French historian and writer (1929–2018)

Bartolomé Bennassar (8 April 1929 – 8 November 2018) was a French historian and writer. He specialized in Spanish and Latin American history.

==Career==
Bennassar began as a history professor in 1952, and defended his thesis in 1957.

He was a Professor Emeritus at the University of Toulouse-Jean Jaurès, specializing in contemporary history of Spain and Latin America, as well as the 16th and 17th centuries. He was also a renowned critic of bullfighting.

===Contributions to modern Spanish history===
Bennassar wrote books titled Le Voyage en Espagne (The Spanish Inquisition), L'Histoire des Espagnols (The History of the Spanish), and La Guerre d'Espagne et ses lendemains (The Spanish Civil War and its Aftermath). He also wrote a very important biography on Francisco Franco. His most famous book, Last Leap, was developed into a film in 1970.

==Personal life==
His wife, Lucile, signed copies of Les Chrétiens d'Allah and Le Voyage en Espagne with him.

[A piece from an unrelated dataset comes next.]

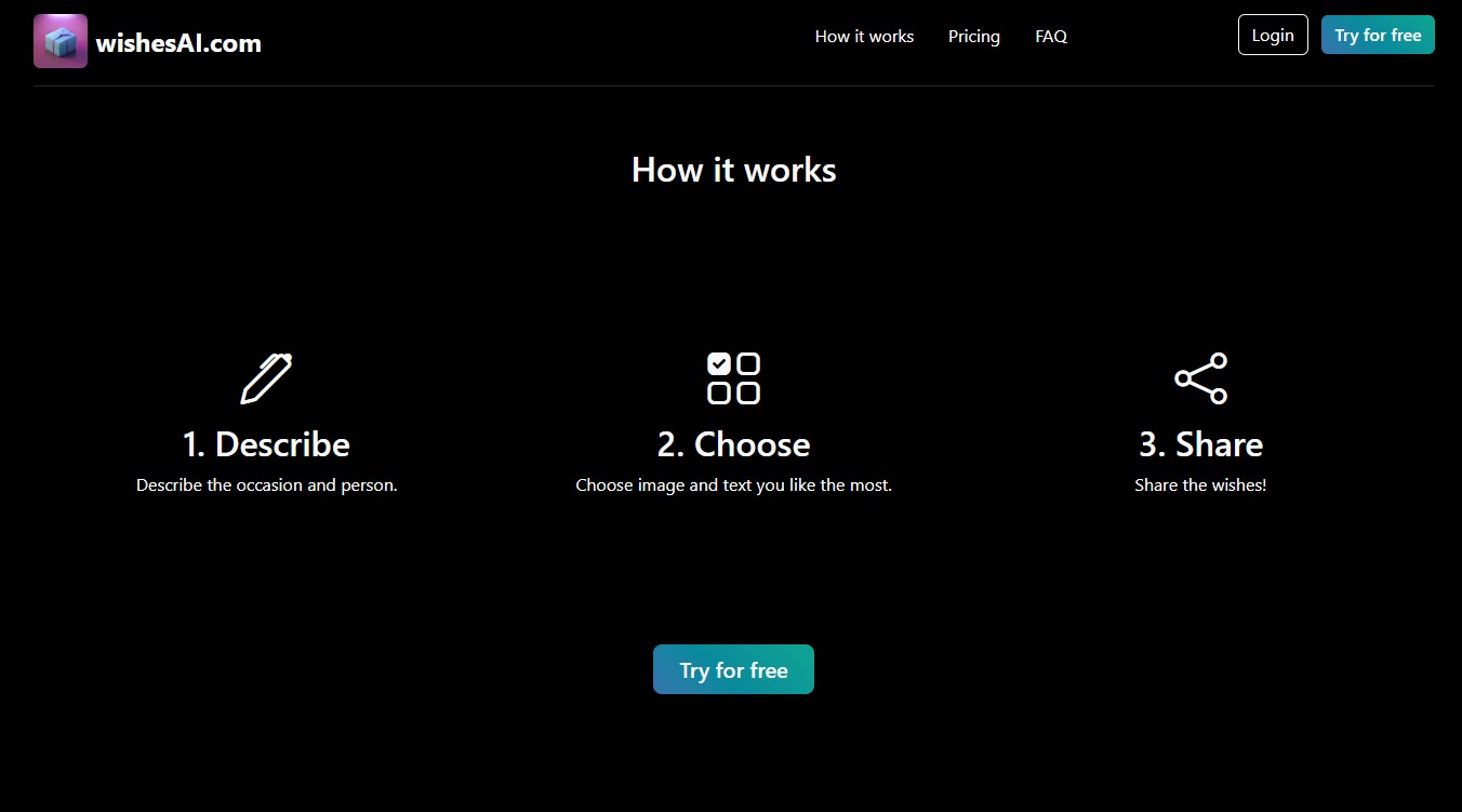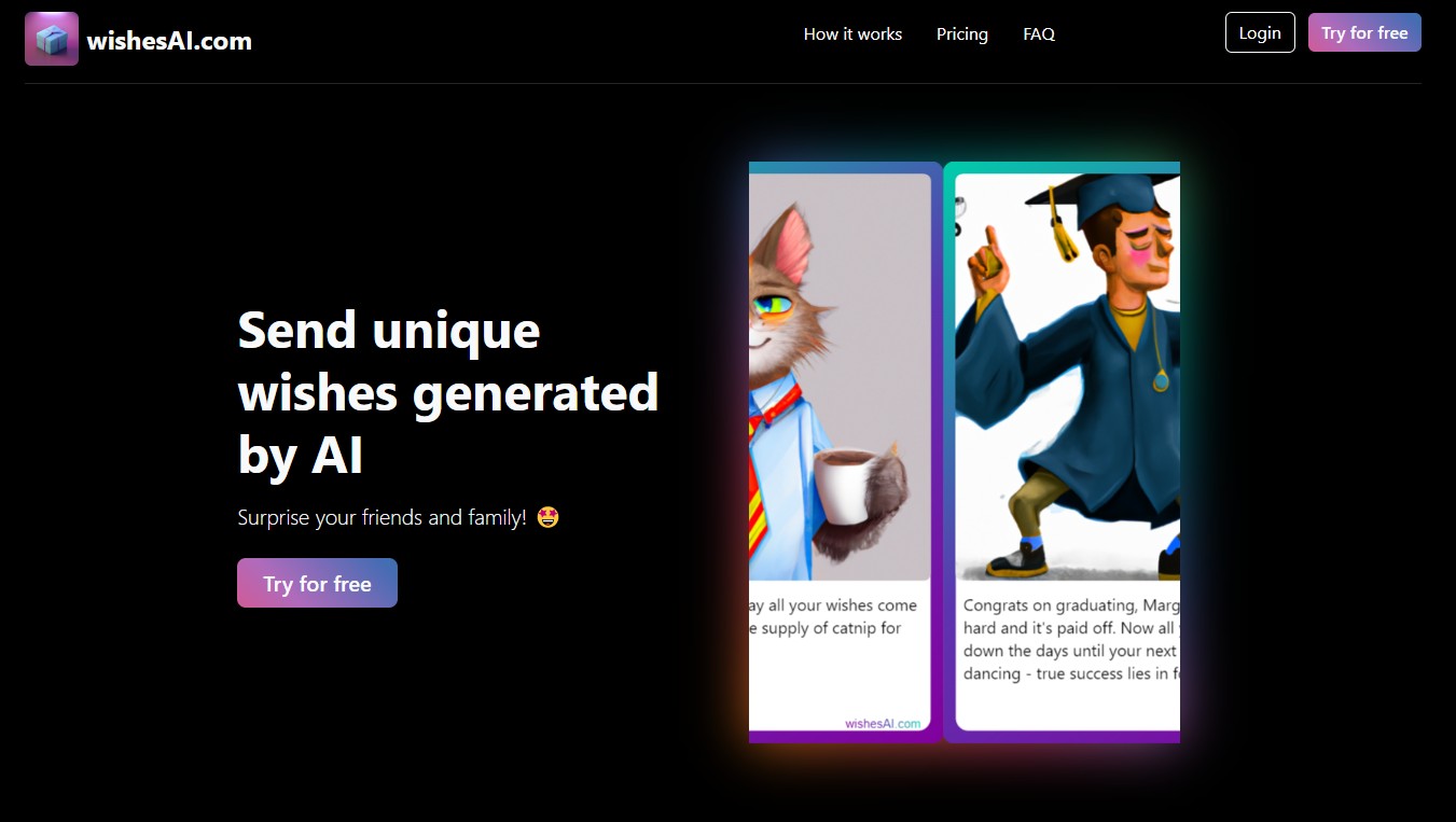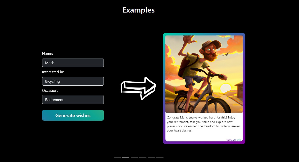 Introducing wishesAI.com, an innovative tool harnessing the power of AI technologies to bring you a delightful way to express your heartfelt wishes for friends and family. With wishesAI.com generating unique, personalised wishes has never been easier. This user-friendly platform offers a seamless experience. In the beginning you simply enter the name of the person you want to celebrate and the special occasion. Whether it's a birthday, anniversary, graduation, or any other memorable moment, wishesAI.com has got you covered. To add a personal touch, wishesAI.com allows you to select an image that perfectly captures the essence of your wish. Browse through a diverse range of visuals, from enchanting landscapes to adorable illustrations, ensuring the recipient receives a visually captivating surprise. But the magic doesn't stop there. Thanks to the incredible capabilities of AI, wishesAI.com generates text that complements your chosen image and the occasion. The AI algorithm crafts unique, heartfelt messages that convey your emotions in a meaningful way. Whether you're aiming for a touch of humor, a heartfelt sentiment, or an inspiring message, wishesAI.com delivers a tailor-made wish that truly reflects your intentions. With wishesAI.com, you can say goodbye to generic greetings and predictable messages. Each wish is thoughtfully crafted to honor the individual you're celebrating, making every moment unforgettable. The fusion of advanced AI technologies and your personal inputs results in a one-of-a-kind wish that is sure to bring joy and warmth to the recipient's heart.

His son, Jean, committed suicide in 1979 at the age of 22.

==Awards==
Bennassar was awarded the Grand Cross of the Civil Order of Alfonso X, the Wise in 1987. He won the Prix-Eugène Colas in 1990. In 1991, he won Prix xviie siècle for Les Christians d'Allah. Bennassar received the Grand prix Gobert in 2005. He also won an Honorary Degree from the University of Valladolid.